In this two-part series, I’ll examine two business processes: one that is commonly found in consumer packaged goods (CPG) industries and another that is a media-specific business process with a generally accepted accounting principles (GAAP) implication.
Note
Except for the parts where I made specific references to only BW systems, this article is applicable to both BW and SAP NetWeaver BI systems.
Target Setting, Plan Creation, Commitments, and Expense Tracking
CPG companies are faced with the increasing need for product innovations, effective promotions, and profitable portfolio mixes. They are always on the lookout for ways and means of improving profitability, increasing market share, and containing costs. To achieve these business goals, it becomes imperative for CPG companies to promote their products and deliver value through continuous improvement in quality and reduction in price. CPG companies invest significant sums of money on marketing and sales to boost both top-line and bottom-line numbers. Typically, you find CPG companies spending on product promotions, pricing promotions, wholesale and retail discounts on off-take, target and volume discounts, promotional packaging — the list goes on. With margins narrowing and consumers demanding more quality and quantity for less money, these companies need to invest wisely, cut costs, and at the same time, boost sales and customer confidence while retaining loyal customers.
One of the key tasks in every CPG company is to continuously manage and monitor their sales and marketing expenses. This becomes challenging, especially when there are several hundred sales and marketing personnel who have to manage their expenses in a consistent manner across a wide geography.
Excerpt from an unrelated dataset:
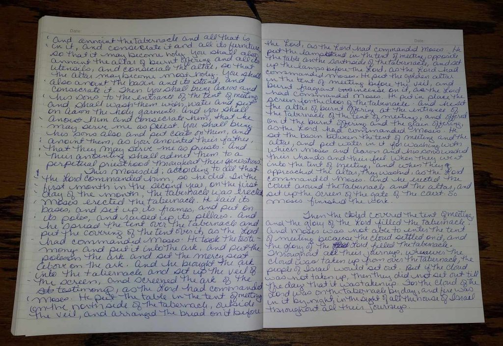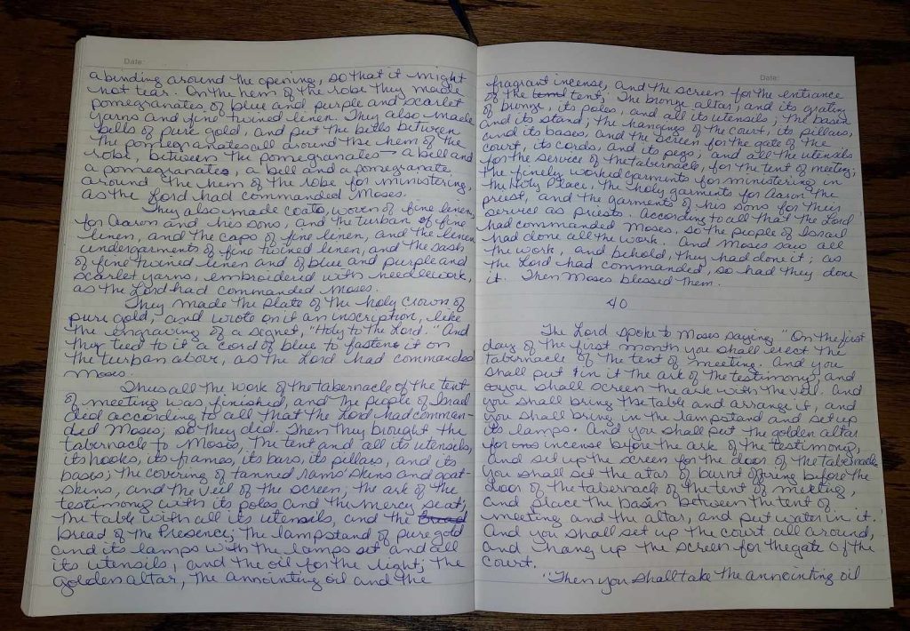 These 2 chapters show us that the people and Moses did ‘as the Lord had commanded Moses’. So many details, that may sound so repetitive, but I think the Lord wanted it to be clear what was done and that everything was followed through. Not just by assumption, but carefully followed through.

Such challenges are usually diverted to the company’s information systems (IS) division, which is constantly asked to come up with solutions that:
- Provide a single system of access (usually a portal) for the sales and marketing personnel
- Require the set up a consistent interface for entering and tracking marketing commitments and expenses
- Provide a secure environment that allows a specific set of users and restricts access only to the information that they need to view and manage
- Enable SoD
- Provide data validations and error-checking mechanisms that eliminate user errors or prompt for corrective action
I’ll first examine the CPG marketing spend business process shown in Figure 1. This is a high-level example of the business process and can vary by company, segment, and type of goods offered to customers.

Figure 1
Example business process
This is a simple business process in which corporate approvers set expense targets and make allocations for sales and marketing promotions with a view to increase sales or customer base. The targets are for the upcoming fiscal year. The continent and regional managers then break down the targets into plans, which are categorized and subdivided based on sales territory (regions), brand groups, and customer groups. The managers then submit the territory plans for approval for execution. Based on approval, the plans become actionable and are realized by determining specific types of promotions, creating commitments for expenses and placing vendor orders for goods and services to execute the promotions. The vendor orders are executed, and the marketing team carries out the promotional spend.
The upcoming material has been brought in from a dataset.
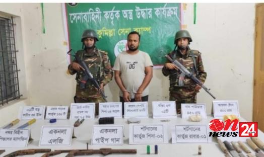 কুমিল্লায় যৌথ বাহিনীর অভিযানে বিপুল পরিমান অস্ত্র সহ যুবলীগ নেতা গ্রেফতার
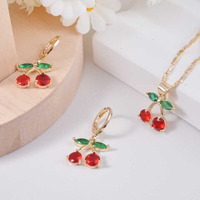 Fashion Design Link Chain Gold Necklace Crystal Cherry Necklace Set Fashion Necklace for Women Daily Wear

Soon after the vendor orders are placed, the sales finance analyst generates and posts accruals for expenses in ECC. Actual expenses are then accounted after reversing accrual postings in the subsequent month. The marketing team then compares actual expenses to plan to determine variances and analysis carried out to determine spend effectiveness. The planning and forecasting team then applies this data from analysis to subsequent quarterly budgets and for the next annual budgeting process.
A number of business process steps originate in SAP NetWeaver BI that you can perform using a Business Planning and Simulation (BPS) planning application and Web interface. These include:
- The creation of targets and plans in BPS
- Use of commitments created as internal orders in ECC, which are used in the BPS planning application
- Status tracking of the commitments
- Review and challenge of expenses
- Approval for accrual in ECC – these originate and are triggered from SAP NetWeaver BI to make accrual postings in ECC
You would also notice that various individuals or groups are interested in one or more business process steps. Now I’ll show you how SoD is carried out and how you can configure SoD in the system with the appropriate system controls that guarantee security, integrity of postings, and immediate data availability for reporting (Figure 2).

Figure 2
SoD in the system
The following key guiding principles were established to build the BPS application to support the business process:
- There should be clear SoD in the system, which is auditable
- The security and authorization mechanism should be simple to maintain and use
- The system should be able to accommodate a large number of changes to internal orders that were used to capture promotion spend and assignment of various field sales personnel to these internal orders
- A single, easy-to-use, consistent interface is required to capture commitments, status tracking, approval of expenses, and initiation of accrual postings to ECC
- Establish an instant reporting environment to allow reporting of expenses against plan, review status, and report deviations
I’ll examine each section of the business process or processes by the various roles and show how to establish controls in the system.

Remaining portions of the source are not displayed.